At the interface of physics, mechanics and biology, HydrOs aims to produce vascularized osteogenic bone substitutes from a coculture of MSCs and endothelial cells (ECs) seeded in hydrogel scaffolds of polysaccharides supplemented, or not, with hydroxyapatite particles (HAp). They will be cultured in our experimental and numerical characterized perfusion bioreactor. Current knowledge regarding the fabrication of osteogenic porous scaffolds, the influence of its internal structuring on the formation of physiologically relevant biological structures, understanding of the influence of species transport and momentum mechanisms do not currently allow to envisage a realistic translation of the process to the clinic. Our ambition is to bring knowledge and methods in the field by carrying out the various tasks proposed in this project.
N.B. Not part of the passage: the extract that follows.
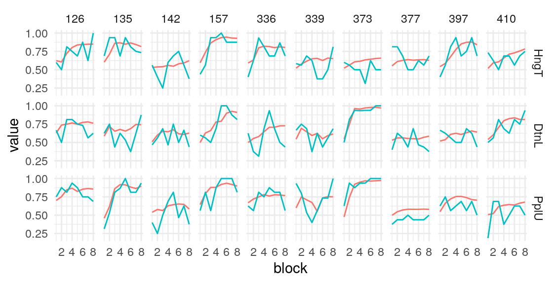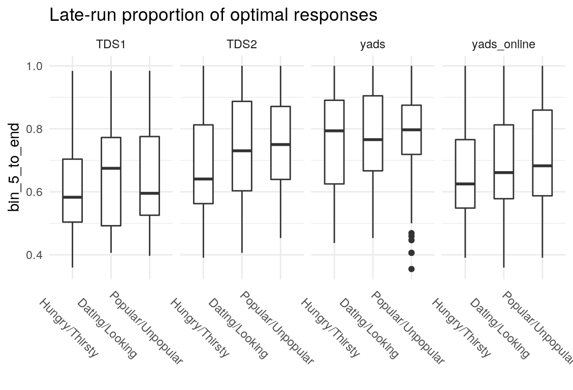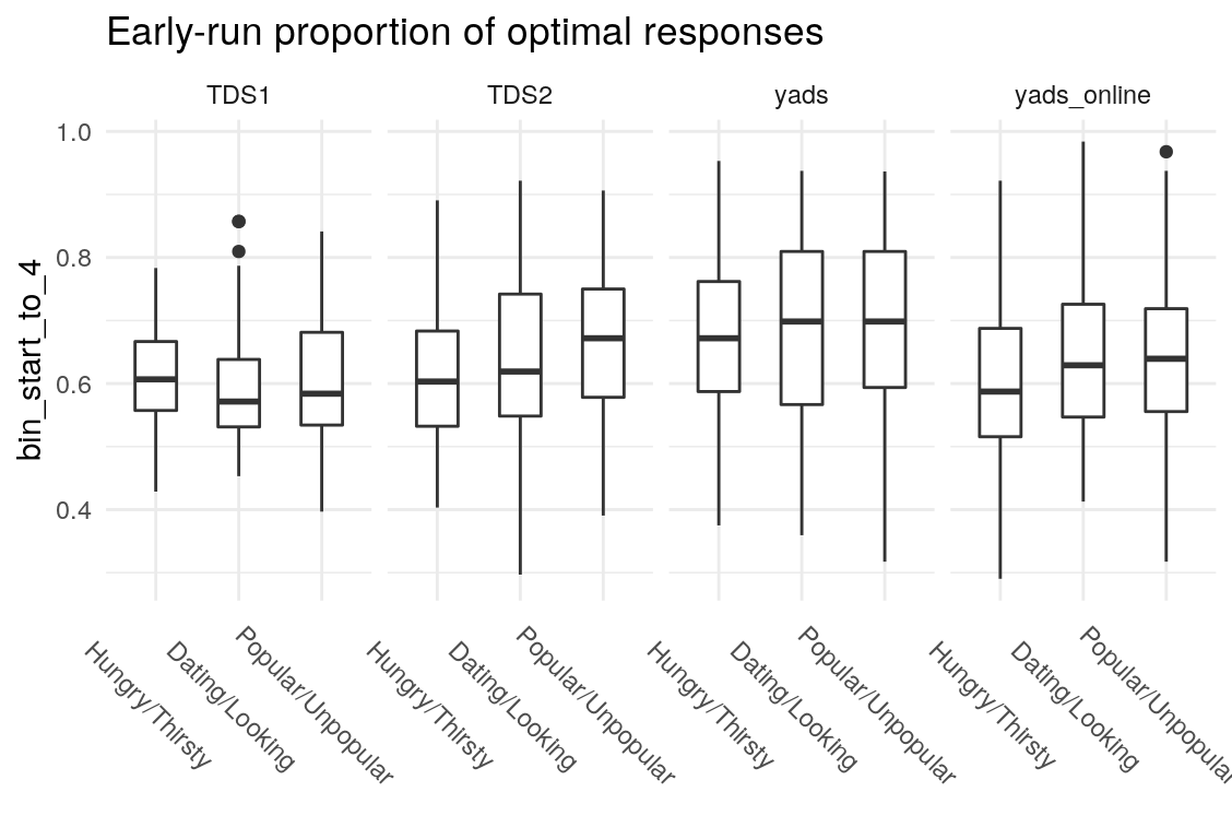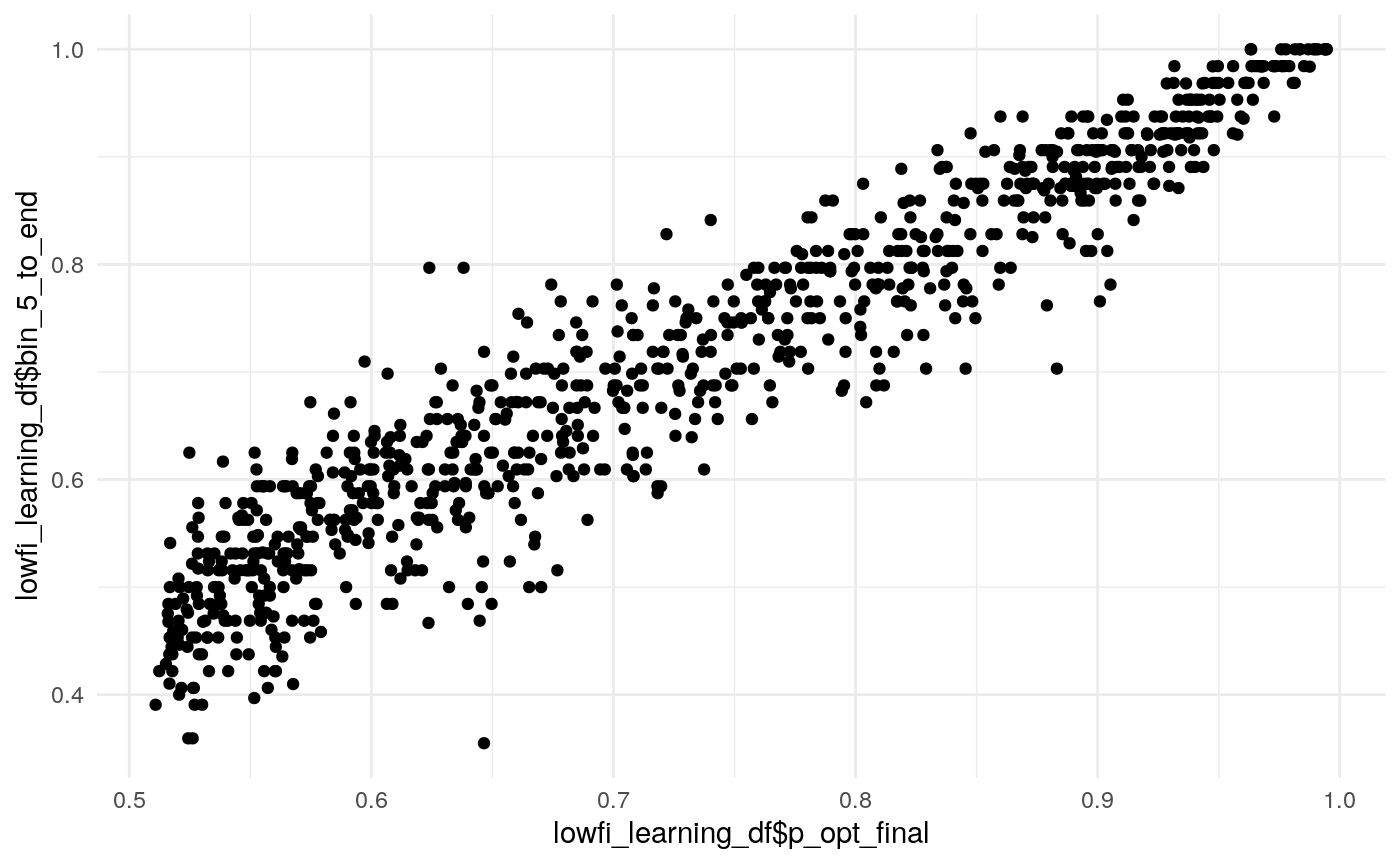 Examining the above plots where corelations r > .90 are colored red (and r = .9 color black), it appears that the most wide ranging correlations are from bins that combine information during the latter half of the run in various ways. If one had to choose such a summary in these data, the average number of optimal presses from bin 5 through 8 (from trial 65 through trial 128) seems like a good candidate. It is highly correlated with average optimal responding from bin 6-end and 7-end, combined bins 5 & 6, combined bins 6 & 7, as well as the combined bins from start to finish (“bin_start_to_8”). Using the intercept from a logistic regression with the trial number predictor centered toward the end of the trial also captures a good deal of variance that corresponds to optimal responding on trials toward the end of the run.

A key parameter is the understanding and control of the structuration of the scaffold porosity during hydrogel processing. In WP1, the morphological, mechanical and diffusional properties of hydrogel will be characterized. The mechanical environment and nutrients gradients will influence MSCs fate. In WP2, we will develop a digital twin of the bioreactor that will provide the nutrients concentration field and the stress field within the bioreactor in order to know the local conditions seen by the cells. For that purpose, we need to model the mechanical behavior of the swollen scaffolds, describe the interactions between the deformable scaffolds and the hydrodynamics within the bioreactor and model the transport of nutrients within the bioreactor. In WP3, a bioreactor will produce bone constructs from hydrogel of controlled porosity and mechanical properties (develop in WP1) seeded with a co-culture of MSCs and ECs then cultivated under optimized operating conditions given by the digital twin developed in WP2. Osteoblastic differentiation markers will be quantified and thanks to numerical simulation, correlate with hydrodynamics, stress field and mass transfers within the bioreactor. The potential of the bioreactor to improve a vascular network formation within spheroids will be assessed. In WP4, the potential of osteogenic cellularized bone grafts produced in the bioreactor and the evaluation of the added value of the supplementation of hydrogels with HAp for promoting osteoinduction will be assessed in vivo.